The algorithms employed in eMPRess were published in these papers:
"Pareto-Optimal Phylogenetic Tree Reconciliation" by R. Libeskind-Hadas, Y-C Wu, M. Bansal, and M. Kellis, Bioinformatics, Volume 30, Issue 12, 15 June 2014, Pages i87–i95, https://doi.org/10.1093/bioinformatics/btu289
"An Efficient Exact Algorithm for Computing All Pairwise Distances Between Reconciliations in the Duplication-Transfer-Loss Model" by S. Santichaivekin, R. Mawhorter, and R. Libeskind-Hadas, BMC Bioinformatics, 2019 Dec 17;20(Suppl 20):636. doi: 10.1186/s12859-019-3203-9
"Hierarchical Clustering of Maximum Parsimony Reconciliations" by R. Mawhorter and R. Libeskind-Hadas, BMC Bioinformatics, 26 Nov 2019, 20(1):612 DOI: 10.1186/s12859-019-3223-5
The eMPRess code base was developed by S. Santichaivekin, R. Mawhorter, J. Liu, Q. Yang, J.Jiang, T. Wesley, Y-C Wu, and R. Libeskind-Hadas with additional contributions by C. Ngo, P. Andrews, S. Sehra, Adrian Garcia, Alberto Garcia, D. Makhervaks, and Z. Witzel.
FAQ
Why doesn't my newick file load?
Make sure that the trees don't have polytomies.

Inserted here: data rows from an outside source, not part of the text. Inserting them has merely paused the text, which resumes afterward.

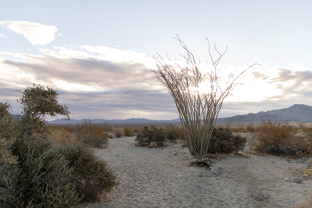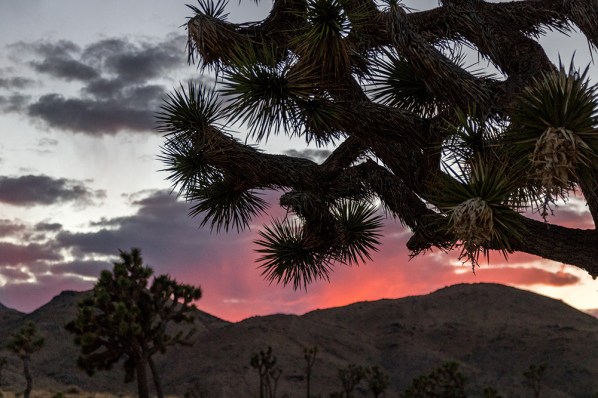 That night was fitful and filled with heavy rain and and strong winds that sounded as though they might blow our entire cottage away. I barely slept at all because of the noise, and I was beginning to suspect that our morning plans would be met with disappointment. We couldn’t just sleep in though, because we had arranged to meet up with our friends Amy and Andrew at sunrise at the Cholla Cactus Garden. It was a lucky coincidence that we would be in Joshua Tree at the same time as them. They had driven down from their home in Oregon and had been backpacking somewhere inside of the park for the past few days. We knew that our trips would intersect, but they didn’t have phone service, so there was no way to contact them to change our meeting time.
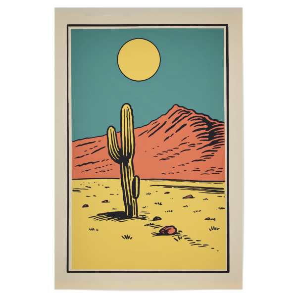 Poster "Siebdruck-Retro-Wüste" artboxONE - Natur,Comic - Kunst,Hell,Kalifornien,Wüste,Glücklich,Minimal,Malerei,Retro,Siebdruck,Einfach,Sonne,Gelb
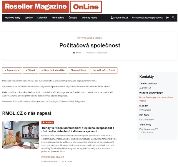 - Na profilové kartě se agreguje obsah související s danou společností i další informace (představení firmy, kontakty nebo odkazy na partnerské programy a další weby).
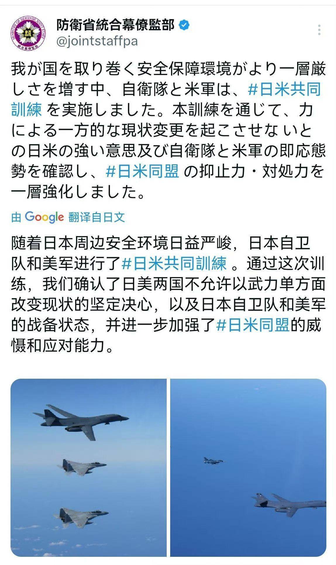 可以这么说,美国对中国军事实力的评估,要远比日本客观,美国政府将“无意与中国爆发冲突”这句话挂在嘴边,日本政府则是满脸的无所谓。当然,美国虽然暂时没胆子跟中国打仗,但是挑拨中国跟日本打仗的胆子还是有的,而且还很大。就在中日最近关系紧张的时候,美国果然就展开小动作了。11月15日,美国空军的B-1B战略轰炸机抵达日本三泽空军基地,与日本航空自卫队进行联合演习。
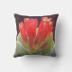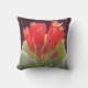 Das Bild auf diesem Throw Kissen ist ein Originalfoto von ZoeSPEAK einer agave Pflanze, die im Garten blüht. Die untergehende Sonne leuchtet die Vermilion roten Blütenblätter der bald offenen Blume auf und verleiht ihnen ein warmes gelbes Licht vor dem dunklen Hintergrund. Die scheibenförmigen Blätter des Agavs umschließen die Blume mit ihrer weichen, bläulich grünen Farbe.
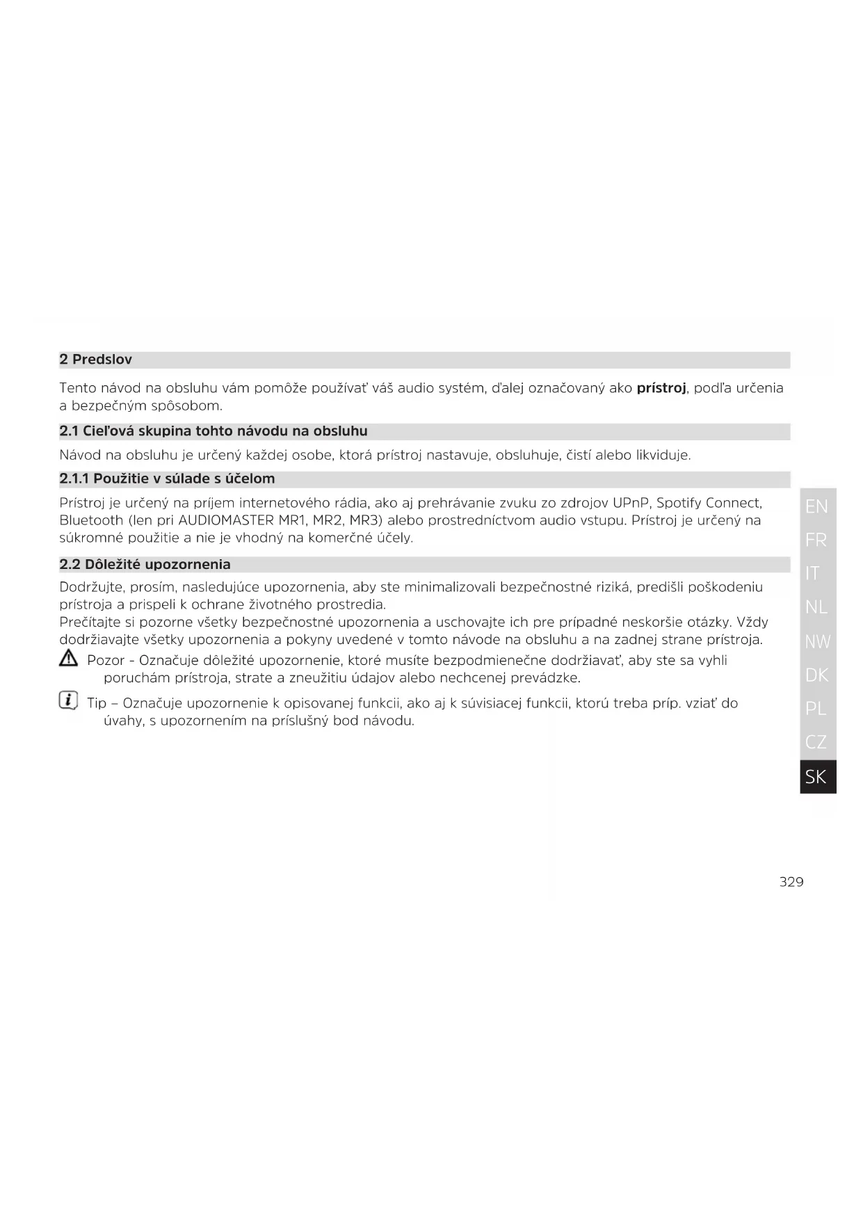 2 Predslov Tento návod na obsluhu vám pomôže používať váš audio systém, ďalej označovaný ako prístroj, podľa určenia a bezpečným spôsobom.
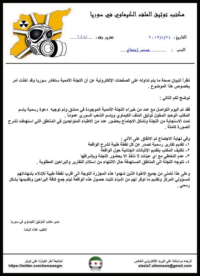 فقد تم اليوم التواصل مع عدد من خبراء اللجنة الأممية الموجودة في دمشق وتم توجيه دعوة رسمية بإسم المكتب الوحيد المخول توثيق الملف الكيماوي وبإسم الشعب السوري عموماً .

My files load, but eMPRess can't find reconciliations. Why?
Make sure that all of the nodes have different names.
Feedback, known issues, reporting bugs, etc.
The current version of eMPRess (version 1.1) has some known limitations or bugs listed below. If you find others, or would like to give us feedback or suggestions, please complete this feedback form.

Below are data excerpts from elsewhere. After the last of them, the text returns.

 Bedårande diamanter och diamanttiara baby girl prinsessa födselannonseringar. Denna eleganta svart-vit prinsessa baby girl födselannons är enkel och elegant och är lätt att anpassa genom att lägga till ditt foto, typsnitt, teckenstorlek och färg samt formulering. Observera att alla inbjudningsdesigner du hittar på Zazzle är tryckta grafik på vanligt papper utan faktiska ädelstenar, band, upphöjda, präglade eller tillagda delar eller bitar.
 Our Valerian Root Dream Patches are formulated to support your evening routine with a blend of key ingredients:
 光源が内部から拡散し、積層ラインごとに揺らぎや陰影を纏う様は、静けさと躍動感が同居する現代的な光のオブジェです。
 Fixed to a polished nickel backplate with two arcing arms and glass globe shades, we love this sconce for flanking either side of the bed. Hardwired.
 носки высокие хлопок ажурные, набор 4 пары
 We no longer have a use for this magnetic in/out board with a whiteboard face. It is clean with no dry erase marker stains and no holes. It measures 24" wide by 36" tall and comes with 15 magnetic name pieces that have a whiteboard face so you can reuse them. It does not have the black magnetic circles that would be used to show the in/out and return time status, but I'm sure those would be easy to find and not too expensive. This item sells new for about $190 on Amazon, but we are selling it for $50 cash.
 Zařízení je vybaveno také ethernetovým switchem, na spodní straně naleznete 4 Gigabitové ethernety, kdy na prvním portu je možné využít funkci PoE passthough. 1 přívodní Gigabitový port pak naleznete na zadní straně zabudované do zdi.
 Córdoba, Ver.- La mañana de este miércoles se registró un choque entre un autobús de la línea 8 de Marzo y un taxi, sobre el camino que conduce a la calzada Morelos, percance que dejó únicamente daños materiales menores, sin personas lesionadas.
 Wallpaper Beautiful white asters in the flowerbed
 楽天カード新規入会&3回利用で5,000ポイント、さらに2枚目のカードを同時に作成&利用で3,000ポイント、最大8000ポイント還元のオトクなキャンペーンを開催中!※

Here are some issues that we're aware of in the current version of eMPRess:
If you install empress from source code (by using git clone), install python from Homebrew, and is using dark mode on macOS. The texts on the eMPRess GUI will not show up. You can fix this by switching to light mode. The eMPRess one-click executable does not have this problem.
If you install empress from source code (by using git clone) and install python from Anaconda or Python.org. You will not be able to save figures in formats other than png. You can fix this by downloading the one-click executable of eMPRess or using the command line interface to save the figure.
The development of eMPRess was supported by grant 1905885 from the National Science Foundation to Harvey Mudd College.